Department of Computer Science & Engineering, Chandigarh University Gharuan Mohali, Gharuan, 140413, Punjab, India.
Amity School of Engineering and Technology, Amity University Haryana, Panchgaon, Haryana, India.
Sci Rep. 2024 Feb 24;14(1):4533. doi: 10.1038/s41598-024-54927-8.
Postpartum Depression Disorder (PPDD) is a prevalent mental health condition and results in severe depression and suicide attempts in the social community. Prompt actions are crucial in tackling PPDD, which requires a quick recognition and accurate analysis of the probability factors associated with this condition. This concern requires attention. The primary aim of our research is to investigate the feasibility of anticipating an individual's mental state by categorizing individuals with depression from those without depression using a dataset consisting of text along with audio recordings from patients diagnosed with PPDD. This research proposes a hybrid PPDD framework that combines Improved Bi-directional Long Short-Term Memory (IBi-LSTM) with Transfer Learning (TL) based on two Convolutional Neural Network (CNN) architectures, respectively CNN-text and CNN audio. In the proposed model, the CNN section efficiently utilizes TL to obtain crucial knowledge from text and audio characteristics, whereas the improved Bi-LSTM module combines written material and sound data to obtain intricate chronological interpersonal relationships. The proposed model incorporates an attention technique to augment the effectiveness of the Bi-LSTM scheme. An experimental analysis is conducted on the PPDD online textual and speech audio dataset collected from UCI. It includes textual features such as age, women's health tracks, medical histories, demographic information, daily life metrics, psychological evaluations, and 'speech records' of PPDD patients. Data pre-processing is applied to maintain the data integrity and achieve reliable model performance. The proposed model demonstrates a great performance in better precision, recall, accuracy, and F1-score over existing deep learning models, including VGG-16, Base-CNN, and CNN-LSTM. These metrics indicate the model's ability to differentiate among women at risk of PPDD vs. non-PPDD. In addition, the feature importance analysis demonstrates that specific risk factors substantially impact the prediction of PPDD. The findings of this research establish a basis for improved precision and promptness in assessing the risk of PPDD, which may ultimately result in earlier implementation of interventions and the establishment of support networks for women who are susceptible to PPDD.

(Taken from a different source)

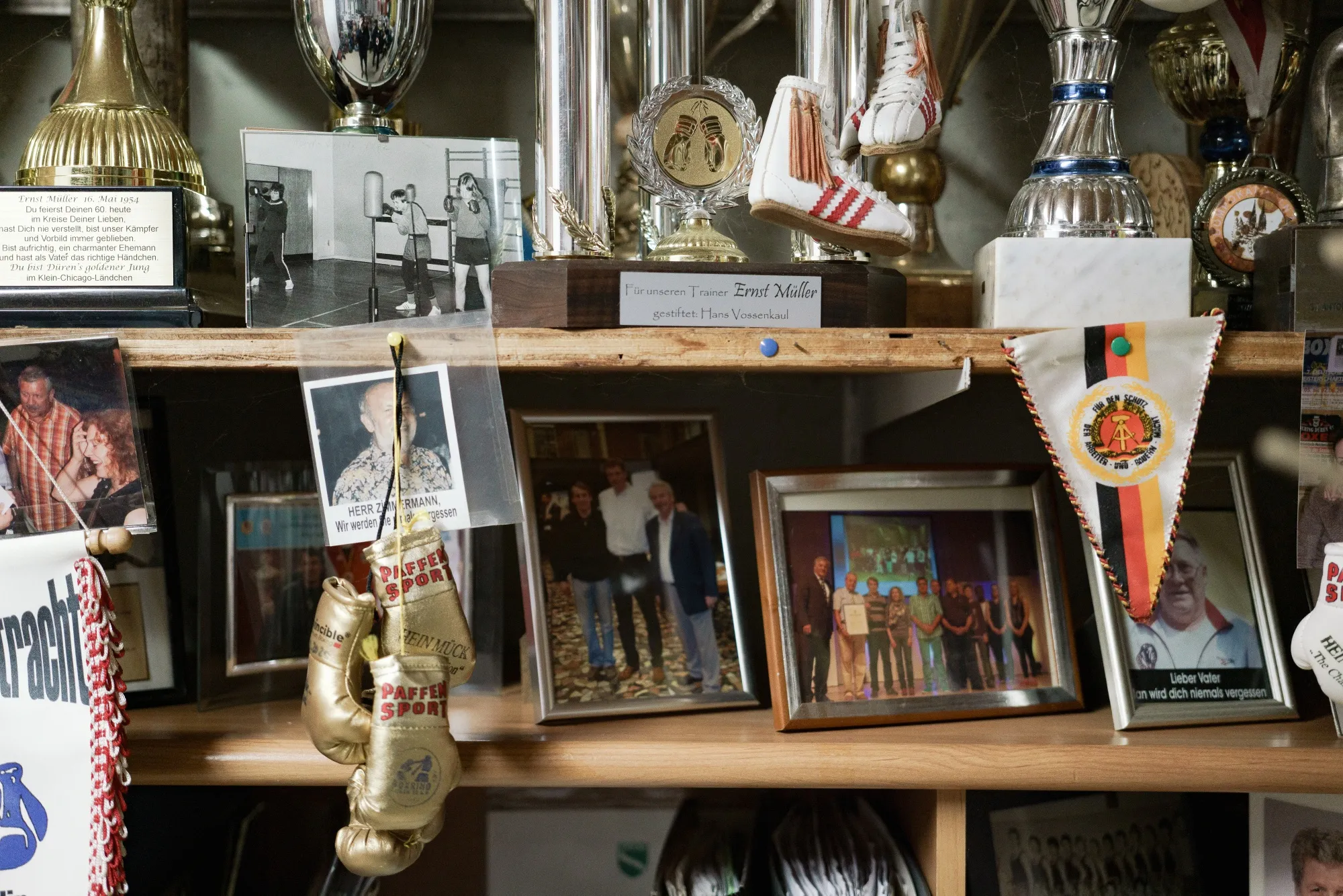 恩斯特·穆勒輝煌時期的紀念品裝飾着這位前冠軍拳擊手在杜倫的辦公室。攝影師:本·基爾布/彭博社坐在他的辦公室裏,牆上掛滿了他在1970年代末輝煌時期的照片和紀念品,穆勒自豪地指着他從市政府獲得的獎項,以表彰他幫助非德國青少年融入社區。夫婦倆表示,德國需要團結起來走出危機。

产后抑郁症(PPDD)是一种普遍的心理健康状况,会导致社交群体中严重的抑郁和自杀企图。及时采取行动对于解决 PPDD 至关重要,这需要快速识别和准确分析与这种情况相关的概率因素。这是一个值得关注的问题。我们的研究主要目的是通过使用包含文本和来自被诊断为 PPDD 的患者的音频记录的数据集,来研究通过将患有抑郁症的个体与没有抑郁症的个体进行分类,从而预测个体的精神状态的可行性。这项研究提出了一个结合改进的双向长短时记忆网络(IBi-LSTM)和基于两个卷积神经网络(CNN)架构的迁移学习(TL)的混合 PPDD 框架,分别为 CNN-text 和 CNN-audio。在提出的模型中,CNN 部分有效地利用 TL 从文本和音频特征中获取关键知识,而改进的双向 LSTM 模块则结合书面材料和声音数据来获取复杂的时间人际关系。提出的模型采用注意力技术来增强 Bi-LSTM 方案的有效性。我们对从 UCI 收集的 PPDD 在线文本和语音音频数据集进行了实验分析。该数据集包含年龄、妇女健康轨迹、病史、人口统计信息、日常生活指标、心理评估和 PPDD 患者的“语音记录”等文本特征。数据预处理用于保持数据完整性并实现可靠的模型性能。与现有的深度学习模型(包括 VGG-16、Base-CNN 和 CNN-LSTM)相比,提出的模型在精度、召回率、准确性和 F1 分数方面表现出了更好的性能。这些指标表明该模型能够区分患有 PPDD 和未患有 PPDD 的女性。此外,特征重要性分析表明,特定的风险因素对 PPDD 的预测有重大影响。这项研究的结果为提高评估 PPDD 风险的准确性和及时性奠定了基础,这可能最终导致更早地实施干预措施,并为易患 PPDD 的女性建立支持网络。